Did you know, that if you make a control loop running basically newton's
method of approximation (more or less), it can be statically stable in
continuous analysis but when you run it on real world discrete math with
short-ish rounded floating point it can get squirrely and oscillatey (are
those even words?) so that's why you ram the output thru a low pass filter to
damp out the oscillations. Or at least that's one way to fix it.
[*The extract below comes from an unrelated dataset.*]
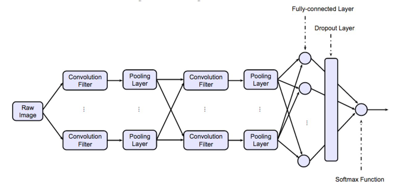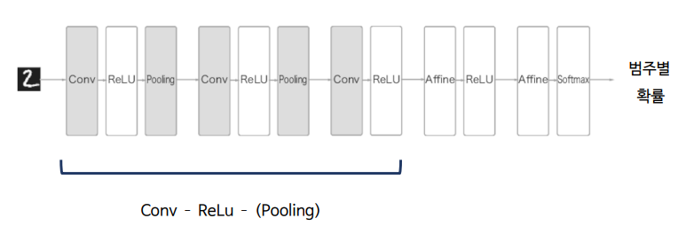 - 기존의 신경망(Artificial Neural Network) 구조에서 합성곱 계층(Conv), 풀링 계층(Pooling)이 추가된다.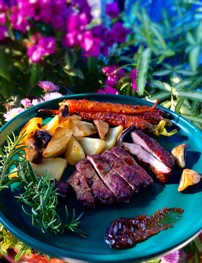 心不在焉,牛排煎老了😅

Oh another funny one is picking a local maxima / minima that randomly happens
to have a near zero derivative. From memory Newton doesn't like that very
much. Another funny one is any time you have tiny rounded floats divided by
other tiny rounded floats, who knows what you'll get as an answer. You can fix
that by fuzzing the input first guess with some random noise. Makes your
execution speed non-deterministic, but stuff is fast now a days isn't it, and
its faster than doing double/quad floating point anyway, which may or may not
help much.

Sure the google found some python or fortran or mathematica which on the
surface is useless, but psuedocode is psuedocode and compilable fortran is a
tighter syntax than any random human generated psuedocode so in some ways its
better.

This is before you hit the "well, that library speaks to 16x2 LCD displays, I
guess I'll have to start over from scratch because I'm using a 20x2 LCD..."
Well, typically, no.

For HFT I agree, you're stuck behind layers and layers of patents and trade
secrets. But embedded is not a problem to get google-type help.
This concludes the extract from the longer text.